■ **SUPPLIED DATA**:
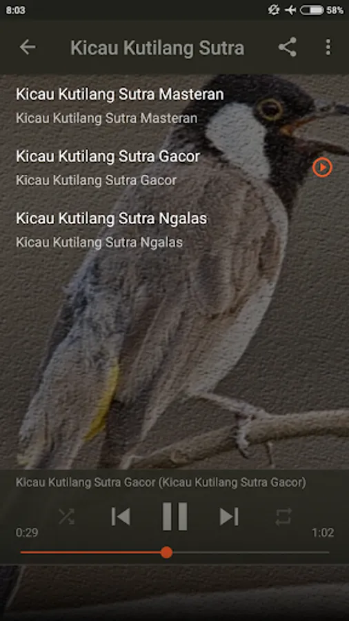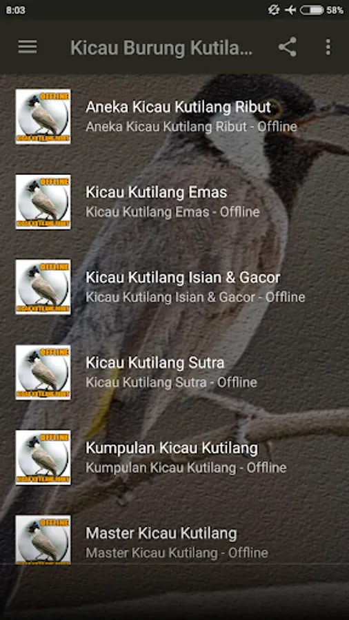 Sound of a Bird with a Noise: A variety of birds chirping a noisy tree to attract a mp3. For those of you who like the beautiful and melodious sound of finches you can install and use this one application. In this application a large collection of noise finches noisy birds for powerful draws that can be played offline.
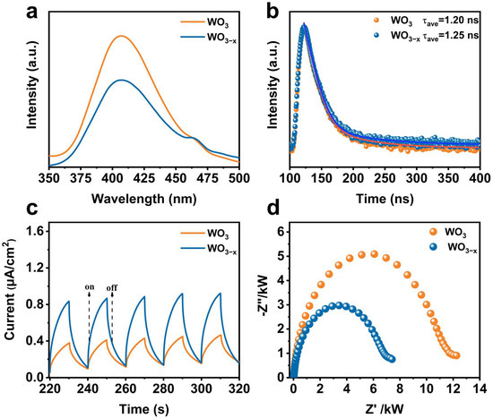 (a) Steady-state fluorescence spectra, (b) transient fluorescence spectra, (c) photocurrent response curves, and (d) EIS Nyquist plots for WO3 and WO3−x.
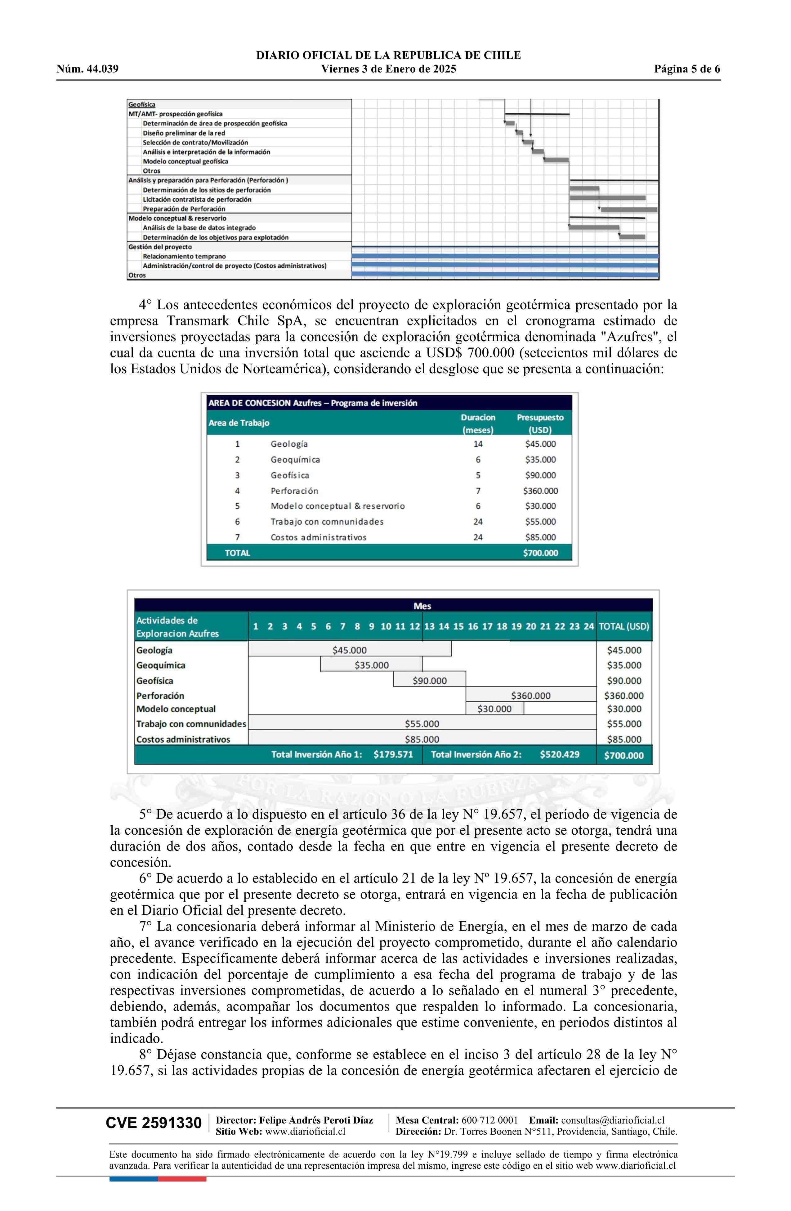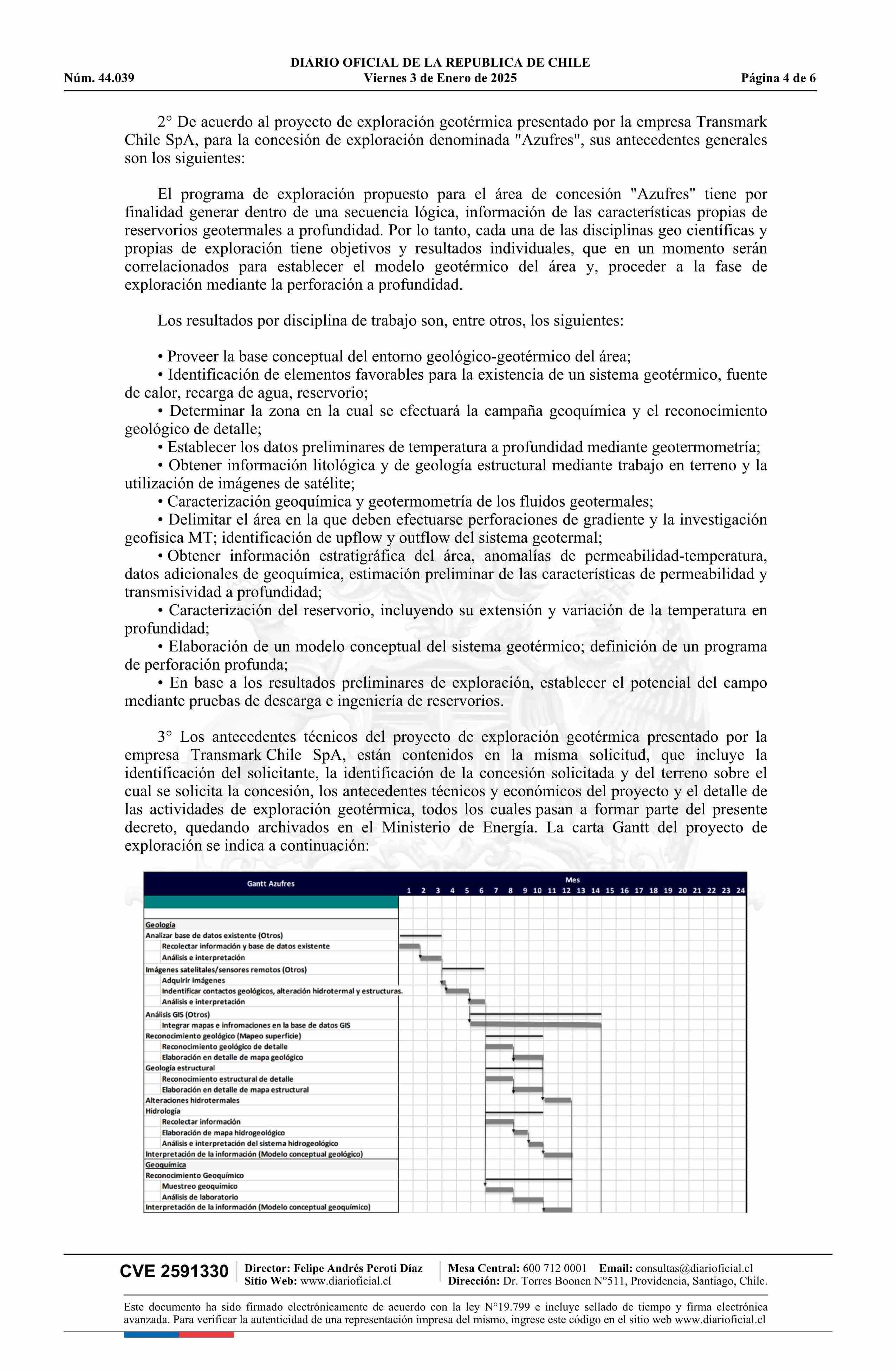 | Título: | Decreto número 3, de 2023.- Otorga a la empresa Transmark Chile SpA, concesión de exploración de energía geotérmica denominada Azufres, ubicada en la Región del Libertador General Bernardo O'Higgins, provincia de Colchagua, comuna de San Fernando, en virtud de la ley N° 19.657 |
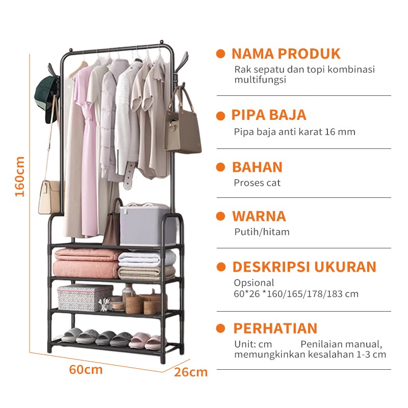 Rak Gantung Baju Stand Hanger Gantung Clothes Hanging Rack Rak Sepatu 3 Susun Lemari Pakaian Sederhana Rak Penyimpanan
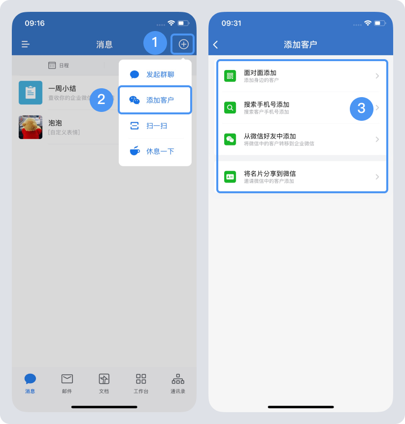 2、企业微信侧添加外部联系人步骤(手机端):手机端打开企业微信,在消息页面右上角,点击“+”——“添加客户”,之后可以选择添加客户的方式来添加客户。添加客户方式有:面对面添加、搜索手机号添加、从微信好友中添加,将名片分享到微信进行添加。
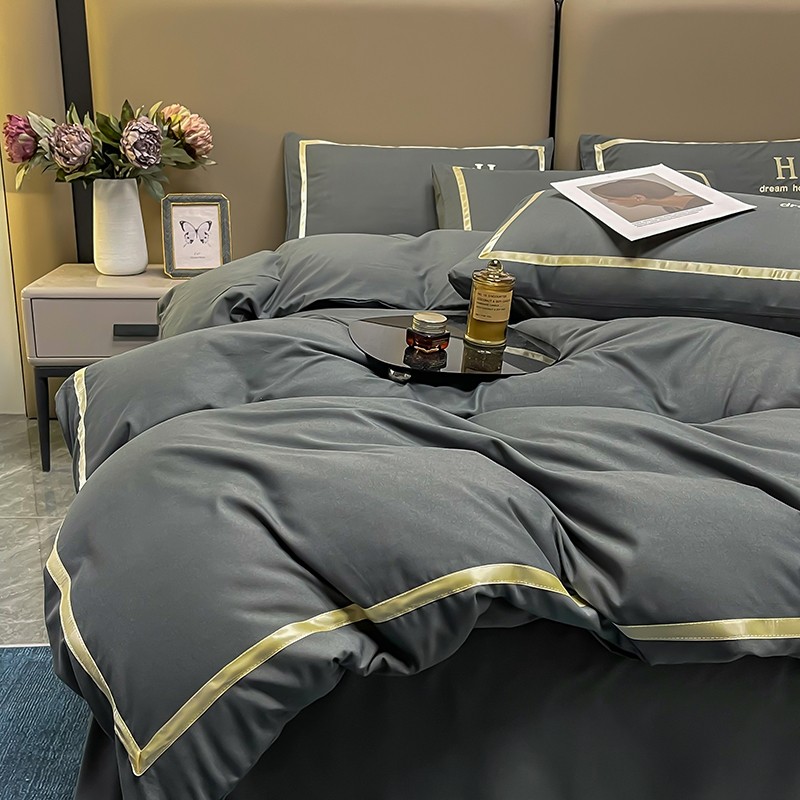 (总)千希家纺 2025新款轻奢简约亲肤棉绣花刺绣四件套-赛尔系列,赛尔-星耀黑,赛尔-蜜桃粉,赛尔-莫尼灰,赛尔-雾霾蓝

■ **WORK TASK**: Start at the first line and set down all of the data exactly, passing over the pictures.

■ **SOLUTION FOR THIS TASK**:
 Sound of a Bird with a Noise: A variety of birds chirping a noisy tree to attract a mp3. For those of you who like the beautiful and melodious sound of finches you can install and use this one application. In this application a large collection of noise finches noisy birds for powerful draws that can be played offline.
 (a) Steady-state fluorescence spectra, (b) transient fluorescence spectra, (c) photocurrent response curves, and (d) EIS Nyquist plots for WO3 and WO3−x.
 | Título: | Decreto número 3, de 2023.- Otorga a la empresa Transmark Chile SpA, concesión de exploración de energía geotérmica denominada Azufres, ubicada en la Región del Libertador General Bernardo O'Higgins, provincia de Colchagua, comuna de San Fernando, en virtud de la ley N° 19.657 |
 Rak Gantung Baju Stand Hanger Gantung Clothes Hanging Rack Rak Sepatu 3 Susun Lemari Pakaian Sederhana Rak Penyimpanan
 2、企业微信侧添加外部联系人步骤(手机端):手机端打开企业微信,在消息页面右上角,点击“+”——“添加客户”,之后可以选择添加客户的方式来添加客户。添加客户方式有:面对面添加、搜索手机号添加、从微信好友中添加,将名片分享到微信进行添加。
 (总)千希家纺 2025新款轻奢简约亲肤棉绣花刺绣四件套-赛尔系列,赛尔-星耀黑,赛尔-蜜桃粉,赛尔-莫尼灰,赛尔-雾霾蓝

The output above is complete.